NTSK vs NVDA
Valuation
Profitability
Growth
Financial Health
Dividends
AI Verdict
NTSK exhibits severe financial fragility, highlighted by a weak Piotroski F-Score of 2/9 and a deeply negative profit margin of -95.82%. While revenue growth remains strong at 32.20% and analysts maintain a 'strong_buy' rating, the market has reacted negatively with a 57% price decline over the last year. The valuation is extreme, with a Forward P/E of 1750.45, and insider sentiment is heavily bearish as the CEO and CFO have liquidated significant positions. The disconnect between analyst targets ($18.11) and the deterministic health metrics suggests a high-risk speculative profile.

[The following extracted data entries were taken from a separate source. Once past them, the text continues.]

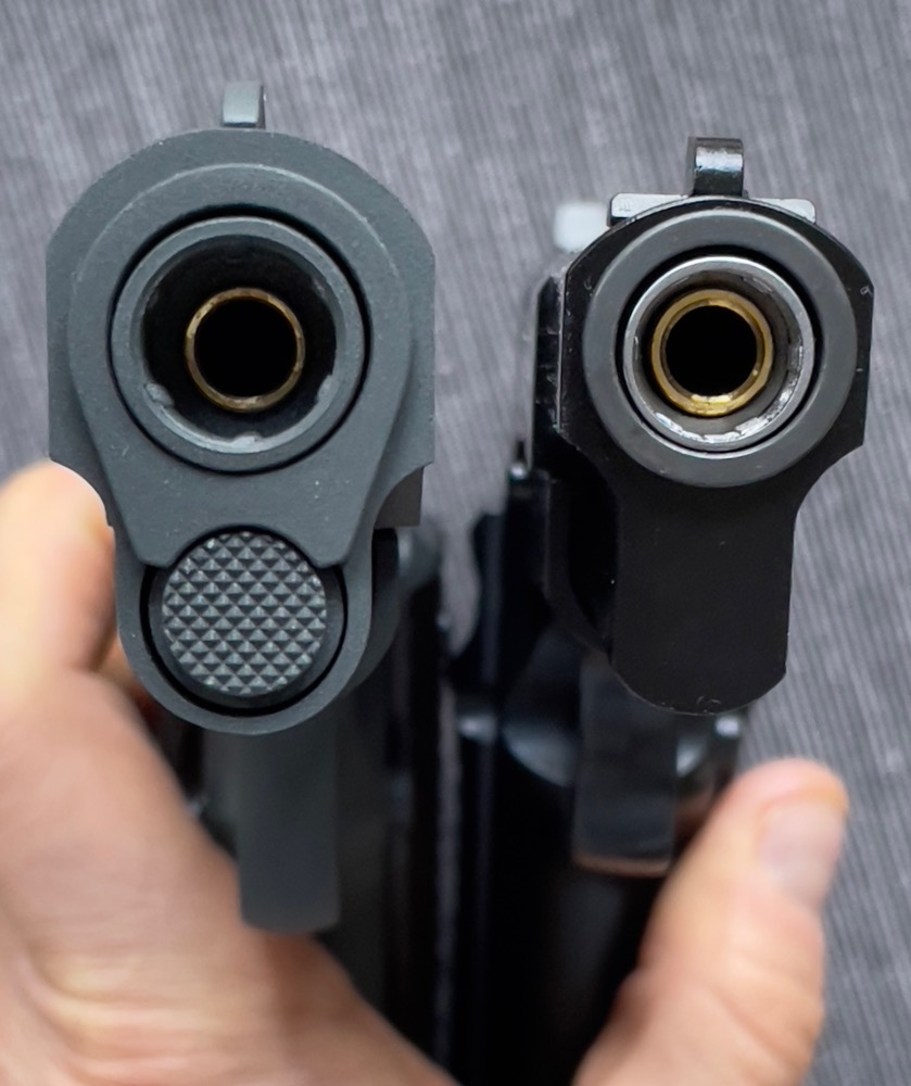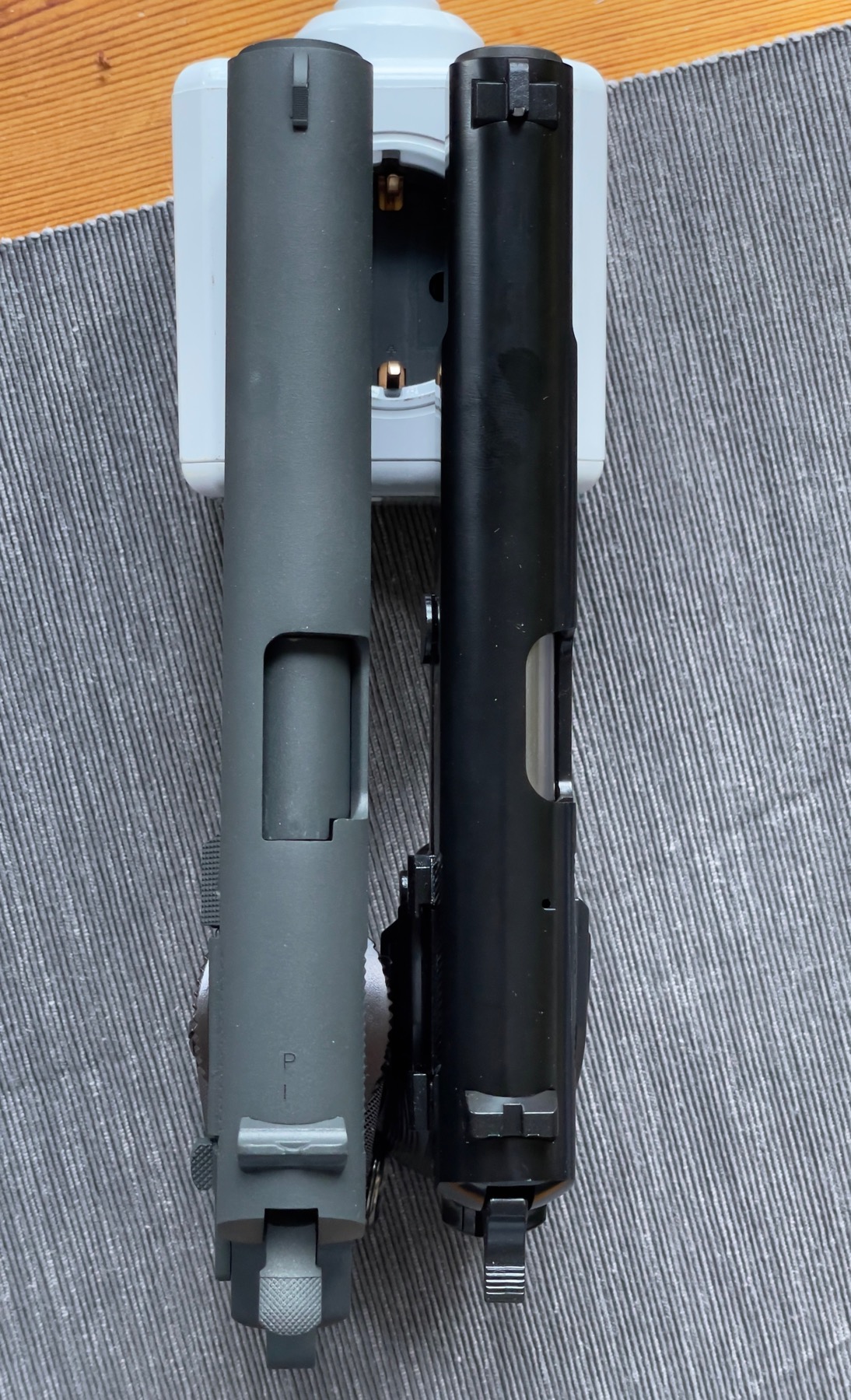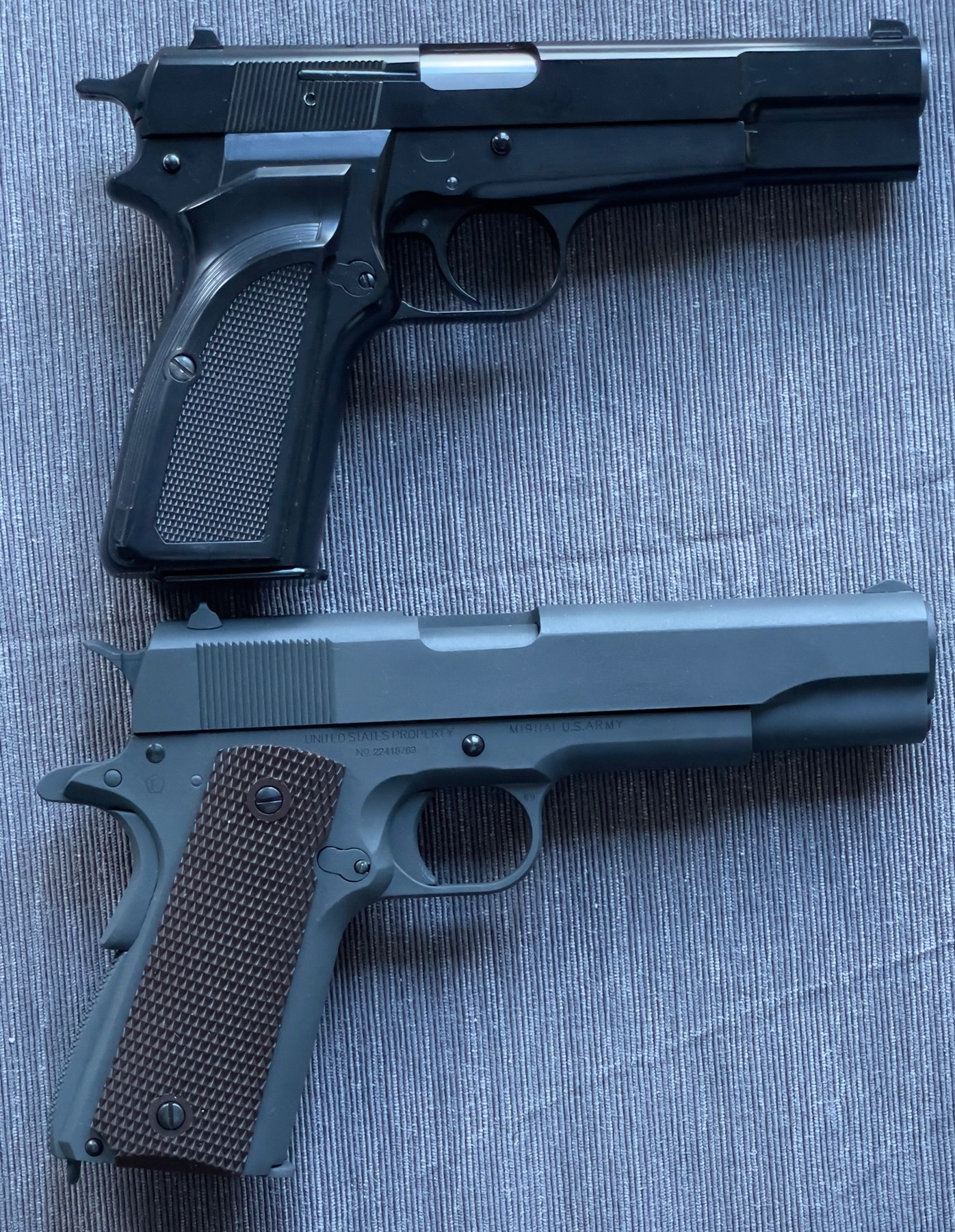 Beide Waffen liegen von der Größe nicht sehr weit auseinander und die M1911 sollte auch in den Holster passen.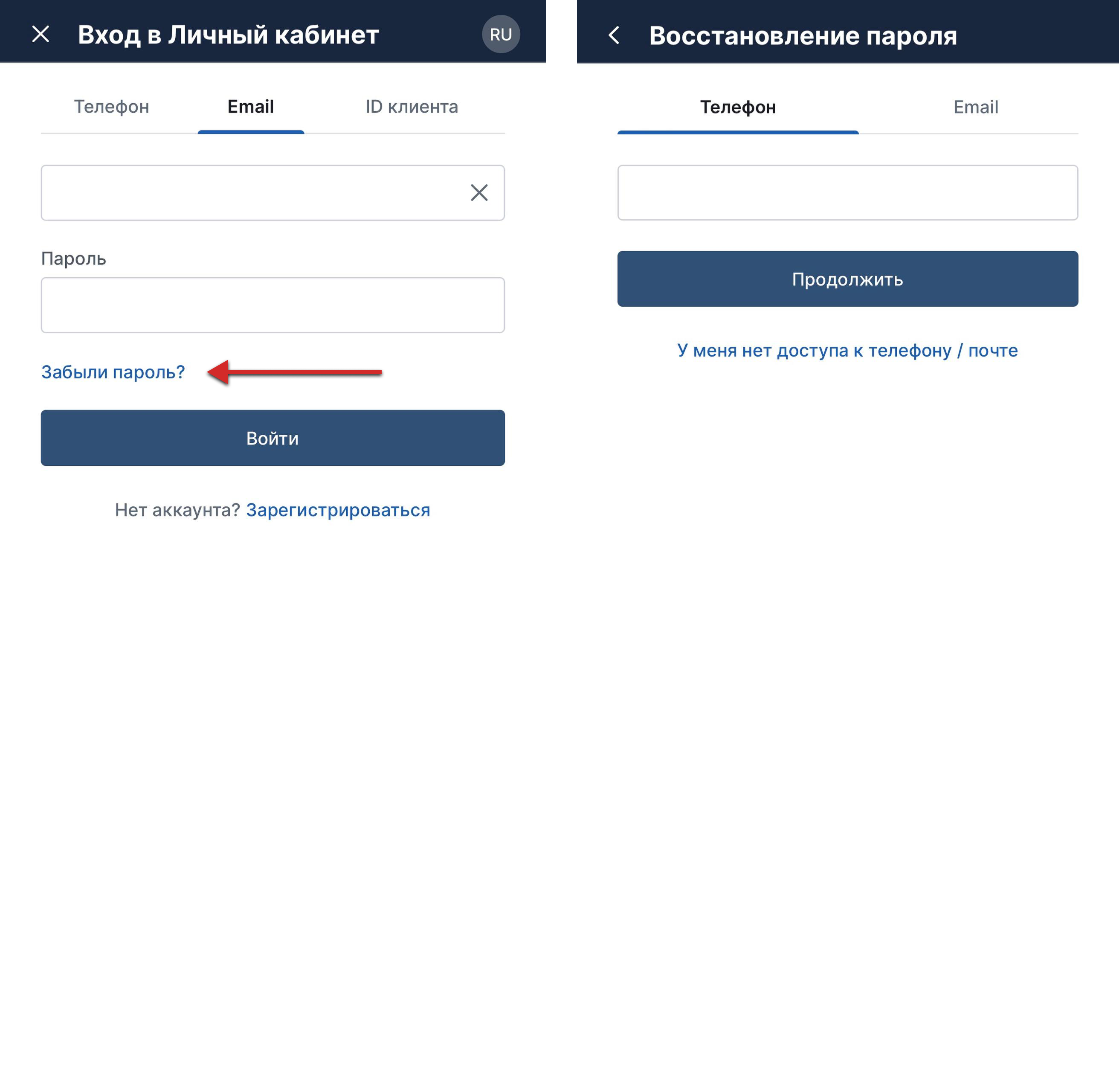 — Нажмите на текст «Забыли пароль?» вас перекинет на страницу восстановления пароля, где будут предоставлены 2 способа восстановления: через номер телефона и адрес электронной почты;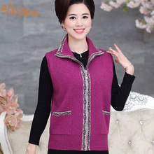中老年人女装秋装针织衫马甲宽松无袖老年女妈妈装毛衣背心开衫厚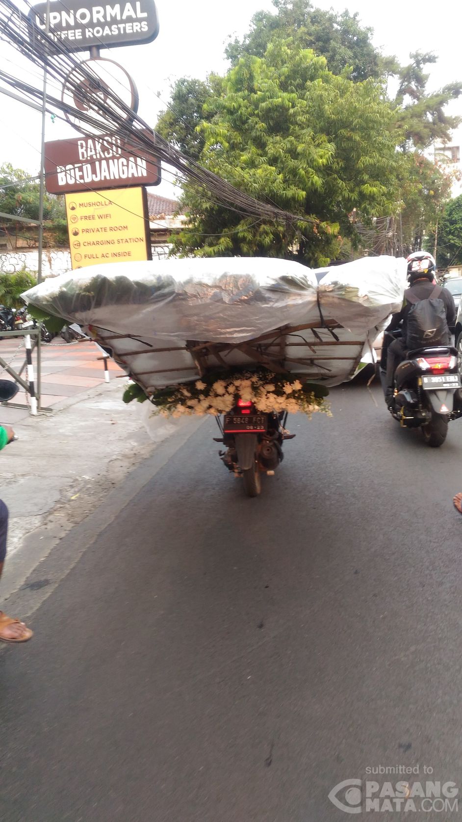 Seorang pengendara motor nekat membawa karangan bunga di motornya ini bisa membahayakan diri sendiri maupun orang lain di Jalan Kemang Raya Jakarta Selatan.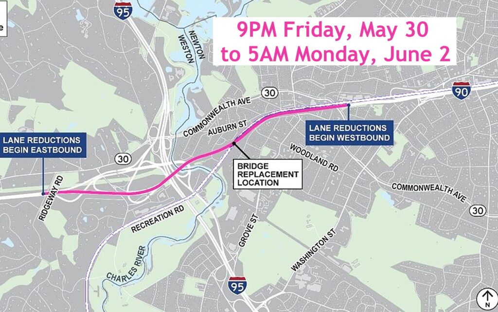 From 9PM Friday, May 30 to 5AM Monday, June 2, the Mass Pike (I-90) will be reduced to one lane in each direction between Exit 123 (I-95 / Rte 128) and Exit 125 (Newton Corner) to facilitate a key part of MassDOT’s major construction project to replace eight Mass Pike bridges near the…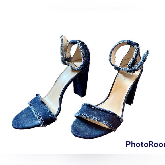 Sandal Denim Blue Jean Strappy Block Heel Size 7.5 Pella Moda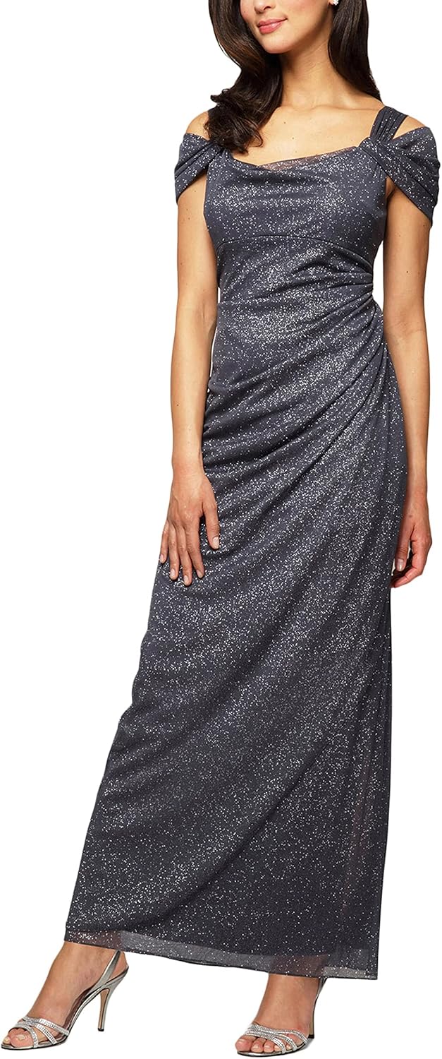 Women’s Long Cold Shoulder Dress, Mother of The Bride, Formal Events, (Petite and Regular Sizes)
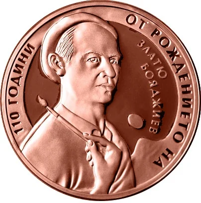 The reverse depicts Zlatyu Boyadzhiev before a palette, encircled by the inscription "110 ГОДИНИ ОТ РОЖДЕНИЕТО НА ЗЛАТЮ БОЯДЖИЕВ".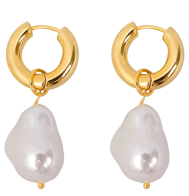 Stainless steel with three layers of 18 carat gold plating. 100% waterproof, hypoallergenic + tarnish-resistant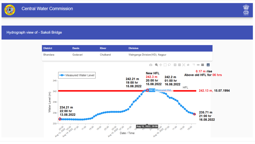 Maharashtra River Chulband in Godavari Basin at Sakoli Bridge level monitoring site has crossed old HFL 242.13 m dated 15.07.1994.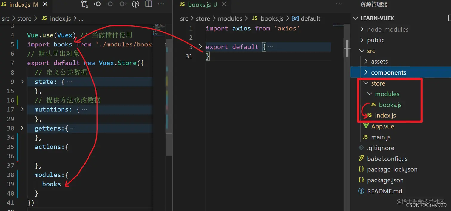 1.在store/index.js 中放置具体的代码
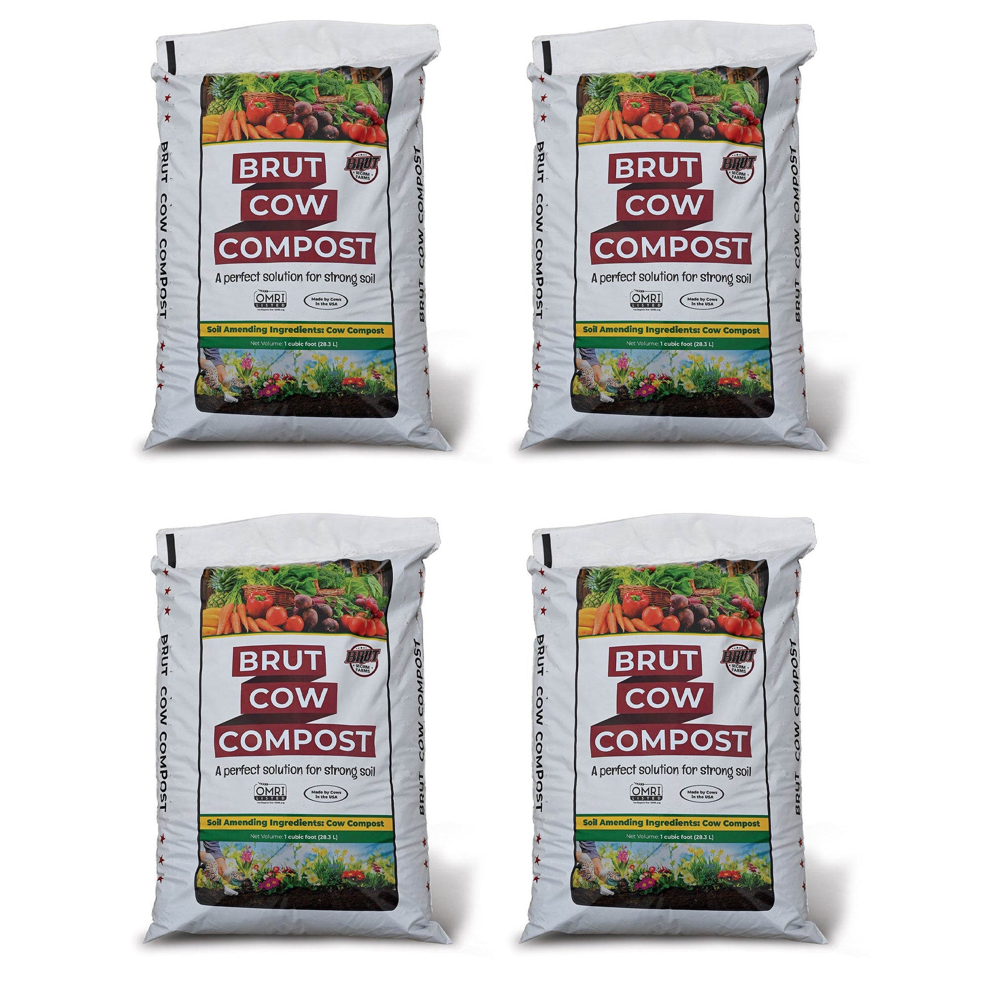 Brut Organic 1 Cu Ft Pure Nutrient Rich Garden Enhancer Cow Compost, (4 Pack)

NVDA exhibits strong financial health with a Piotroski F-Score of 7/9, indicating robust operational efficiency and solvency. While the current price of $182.08 is significantly above the Graham Number ($26.71) and the growth-based intrinsic value ($144.55), the stock is fundamentally undervalued relative to its growth, as evidenced by a PEG ratio of 0.72 and a highly attractive Forward P/E of 16.38. The company's elite profitability margins (55.6% profit margin) and minimal debt (0.07 D/E) provide a massive cushion for volatility. Despite bearish insider sentiment and short-term technical weakness, the long-term growth trajectory remains exceptionally strong.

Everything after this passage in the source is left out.